“Há um ano o Museu Nacional no Rio de Janeiro ardeu em chamas. A cidade acordou para a imagem que vocês veem atrás de mim”, disse María Berríos em conversa com jornalistas na 11ª Bienal de Berlim. A entrevista foi no ExRotaprint, espaço cultural coletivo no norte da cidade, que abriga “exp. 1: Os Ossos do Mundo”, primeira iniciativa pública desta bienal.
A curadora fazia referência à imagem do fotojornalista Leo Correa, exposta na parede central do espaço expositivo, que mostra o meteorito Bendegó em meio às cinzas do Museu Nacional.
Berríos explica que, em “exp. 1”, os curadores exploram as “ruínas ao nosso redor” com interesse no que ali “está sendo mobilizado”.
À esquerda da foto está “Generosa”, da série “Guerrilheiras, 2017”, de Virginia de Medeiros, artista de Feira de Santana (BA). É um retrato de Generosa Maria, então moradora da Ocupação 9 de Julho, no centro de São Paulo. Na imagem, ela segura um cartaz com um retrato de Marielle Franco, vereadora assassinada
em março de 2017, e os dizeres “transformar luto em luta”.
“Exp. 1: Os Ossos do Mundo” recebe o mesmo título dos escritos de viagem do artista e arquiteto brasileiro Flávio de Carvalho, conhecido por ter rompido fronteiras ao expandir a prática artística para além dos espaços destinados à arte. O livro, publicado em 1936, reúne ensaios sobre os seis meses que o artista passou na Europa no período do entre-guerras fazendo “uma espécie de etnografia reversa do velho mundo”, diz Berríos.
A maior parte dos curadores da Bienal se mudou do continente americano para a capital alemã há seis meses: Berríos é chilena, Renata Cervetto, argentina, e Lisette Lagnado, brasileira. Agustín Pérez Rubio é espanhol, mas viveu os últimos anos na capital argentina como diretor do Malba.
“Estamos, de certa maneira, numa situação semelhante [à de Flávio de Carvalho nos anos 1930], vivendo, sentindo e observando a ascensão de vários nacionalismos”, diz Lagnado.

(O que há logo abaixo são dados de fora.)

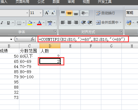 三、要在D3中统计“60分—69分”的人数,输入公式“=COUNTIFS(B2:B10,">=60",B2:B10,"<=69")”即可统计出来。
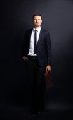 Portret mężczyzny biznesowych z teczki na białym na czarnym bac
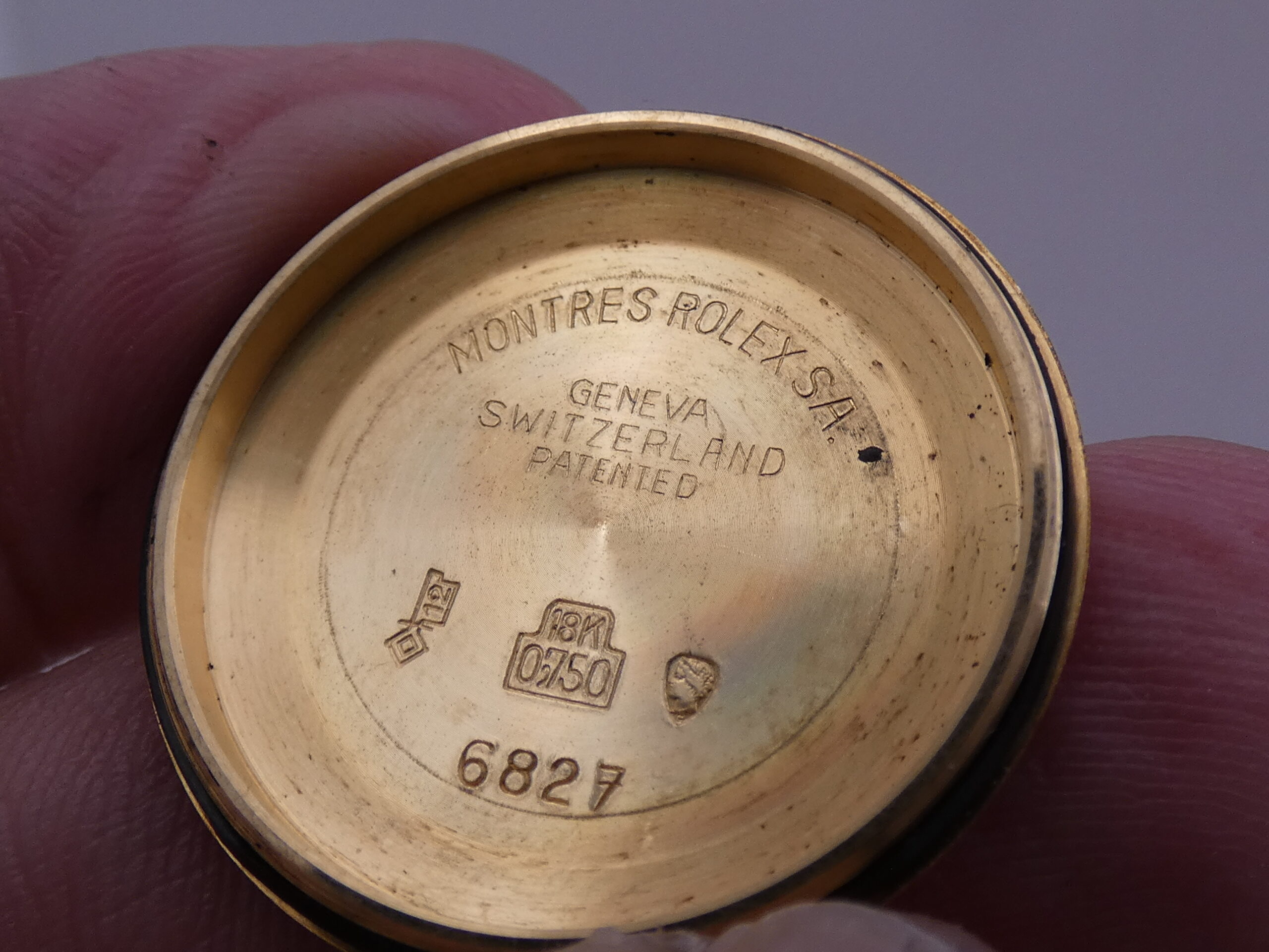 Dial: SIGMA, silvered sunburst, with raised gold tritium-filled bar indexes, gold baton hands, also tritium-treated, center seconds, date display 3 with magnifying glass, 60-minute scale, Rolex logo at 12 o’clock
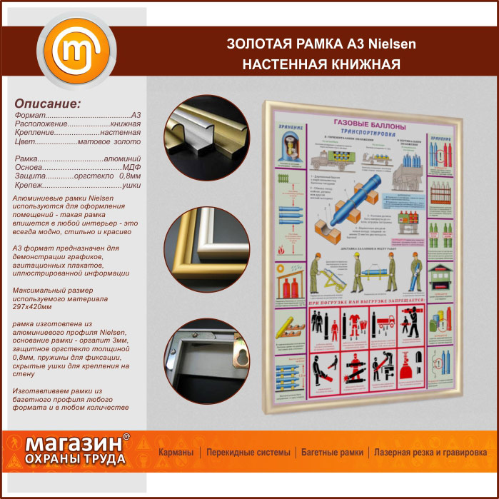 Багетная настенная рамка «Nielsen» А3 формата, книжная, матовое золото в Омске купить
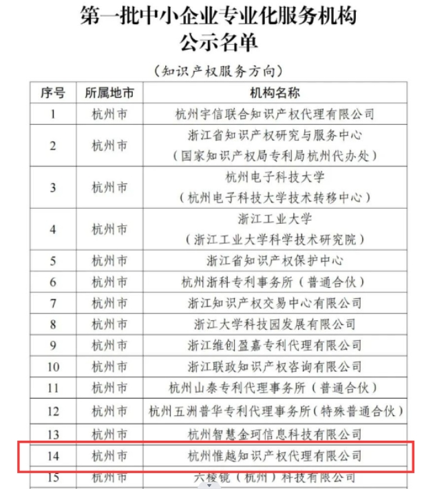 • 喜報!!關于杭州惟越知識產權代理有限公司入選浙江省首批中小企業(yè)專業(yè)化服務機構的公示
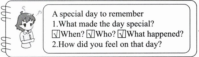 每一天都是生活的馈赠,用心感受,你会发现凡事皆为宝藏。假如你是李华,你校英语报社正在举行主题为"A special day to remember"的征文活动。请参考图文信息,积极投稿。
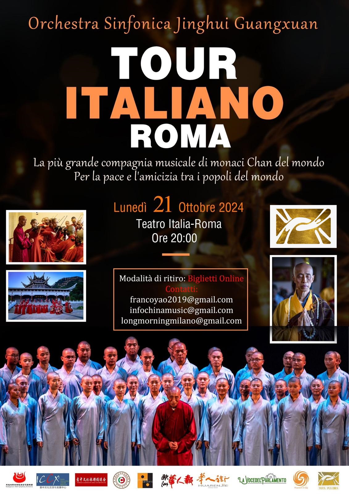 Roma, 1 ottobre 2024 – Siamo lieti di annunciare l’atteso evento musicale "Tour Italiano Roma", organizzato dall’Orchestra Sinfonica Jinghui Guangxuan con il patrocinio di Tota Pulchra. Questo straordinario concerto si terrà lunedì 21 ottobre 2024 presso il prestigioso Teatro Italia-Roma alle ore 20:00.
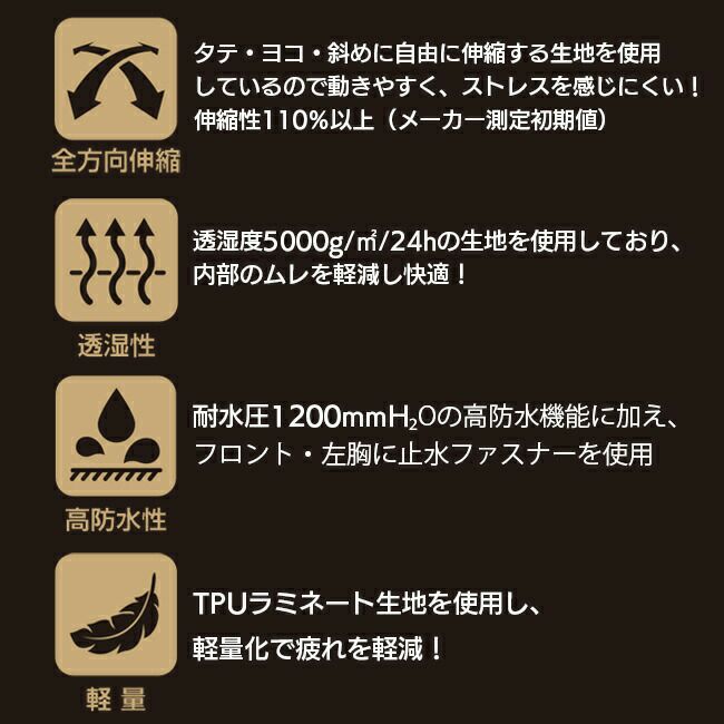 耐水圧12000mm以上。水の侵入を防ぎ衣類内のムレを軽減!
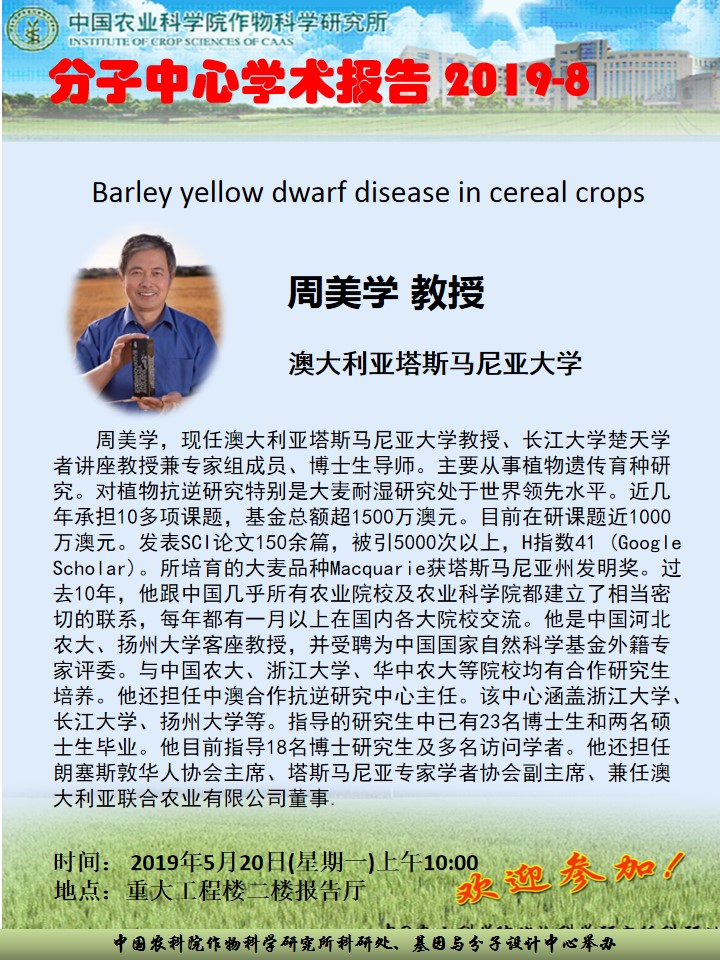 周美学 Barley yellow dwarf disease in cereal crops(分子中心学术报告2019-8)
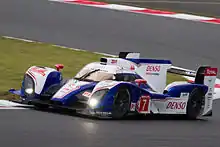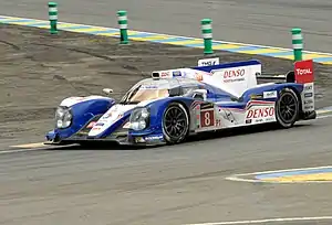 At Le Mans, the No. 8 Toyota qualified fourth, three-tenths ahead of the sister TS030 Hybrid in fifth, but off the pace of both Audi cars.[58] The race started on a damp and slippery track with the two TS030 cars driving faster than they had done in qualifying, moving up the field and separating the first five runners. As the track dried, Toyota dropped back from the quicker Audi cars, but had better fuel mileage. This recurring pattern continued into the night when the No. 7 and 8 Toyota vehicles took over second and third places after two of Audi's entrants ran into problems. Rain fell overnight and Toyota's tyre strategy enabled their cars to narrow Audi's lead to below two minutes. The positions remained constant until heavy rain fell on the track in the final hour, and Lapierre in the No. 8 Toyota aquaplaned into the barriers, requiring swift and extensive car repairs, and finished fourth overall. The No. 8 Toyota of Buemi gained on Kristensen's No. 2 Audi in the closing stages, but was too far behind to effect any positional change and came second.[59][60] Starting from the 6 Hours of São Paulo, Davidson, Buemi and Sarrazin took part in the next two races while Wurz and Lapierre focused on developing Toyota's 2014 car and Nakajima concentrated on a joint Super Formula and Super GT programme.[61]
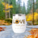 Die Liebe Inspiriere Lehrer Sonnenblumen Moderner Personalisierter Name Thermal Wine Tumbler Features mit dem Text "Teach Liebe Inspirier" in einer lustigen modernen leopard Print-Schrift Typografie und mit einem Herz und Sonnenblumen und personalisiert mit Ihrem individuelle Name. Ideal für die Lehrerfreundlichkeit zu Weihnachten, Geburtstagen und Feiertagen. Designed by ©2025 Evco Holidays www.zazzle.com/store/evcoholidays
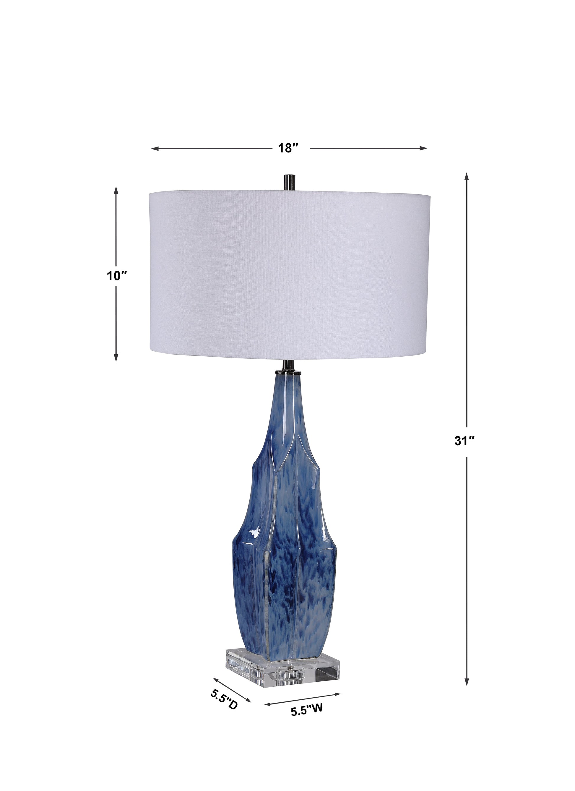 This Ceramic Table Lamp Is Finished In A Beautiful Reactive Indigo Blue Glaze, Accented By Elegant, Polished Nickel And Crystal Details. A White Linen Fabric Drum Shade Completes The Look. Overall Depth : 18 in Overall Width : 18 in Overall Height : 32.5 in
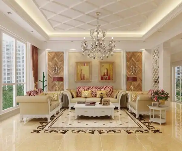 现代欧式客厅地板瓷砖拼花造型图片_装信通网效果图
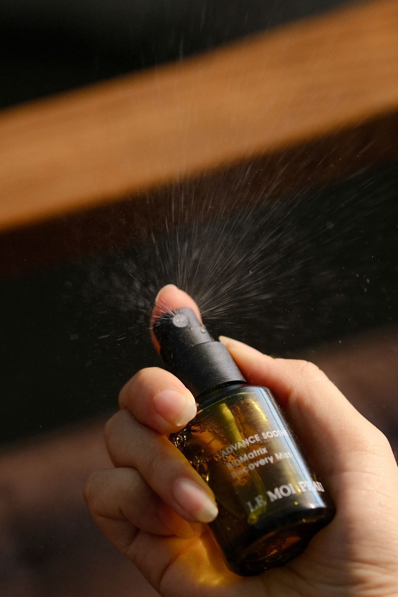 使用方法:先噴後酸,等 30 秒完全吸收後再上 A 醇或酸類。降低刺激感、補水並保護屏障,等於先給皮膚鋪防護墊。
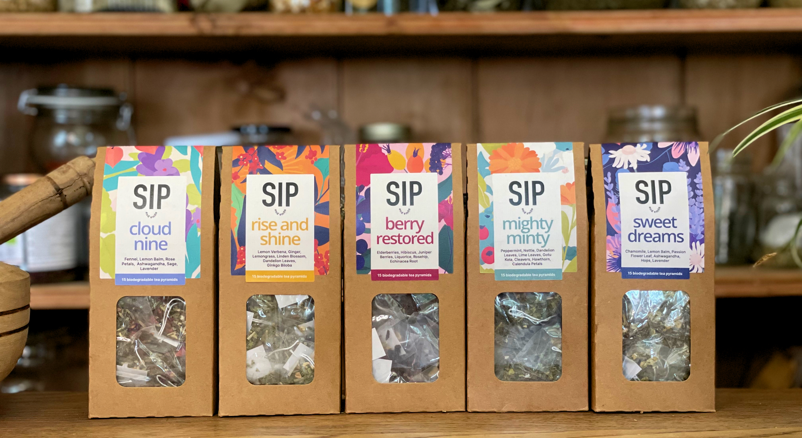 Plastic free herbal pyramid tea bags filled with lots of goodness and deliciousness. Small UK business based in Wiltshire
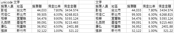 4. Unicode文字和文字都是以文字的方式插入到Excel中(無邊框),如下圖所示。

“Exp. 1” foi inaugurada nove meses antes do início oficial da 11ª Bienal de Berlim, marcado para junho de 2020, transformando a gestação desta edição em um processo aberto ao público —e é descrita pelos curadores não como exposição, mas como experiência.
“Evitamos a palavra exposição para não criar expectativas por obras artísticas, embora, para nós, documentos e publicações tenham um valor tão importante quanto. A ideia é trazer nossas referências de leitura, nosso repertório de imagens”, explica Lagnado.
A palavra “experiência” remete também às lembranças de Flávio de Carvalho, presentes em “exp. 1”, que mostra capas de livros e artigos de jornais que analisam as suas performances, que ficaram conhecidas como “experiências”.
Compõem também “exp. 1: Os Ossos do Mundo” cerca de outras 20 obras e materiais de arquivos pessoais. Entre eles, há registros em vídeo da performance “BR-3”, da brasileira Teatro da Vertigem; vídeo da artista americana Amanda Baggs, diagnosticada com autismo, em que questiona a inabilidade das pessoas para aprender outras formas de comunicação; bordados retratando cenas do cotidiano de Akhmin, no Egito; e um desenho de uma criança sobre a depressão profunda de seu pai.
Com esta experiência, os curadores da 11ª Bienal de Berlim revelam ao público o que está por vir, uma mostra de arte que tem por base o que é “criar sobre ruínas” e ver o mundo por olhos que não são normativos. “Estes velhos ossos fossilizados podem e estão sendo chacoalhados, cortados e montados novamente”, afirma Berríos.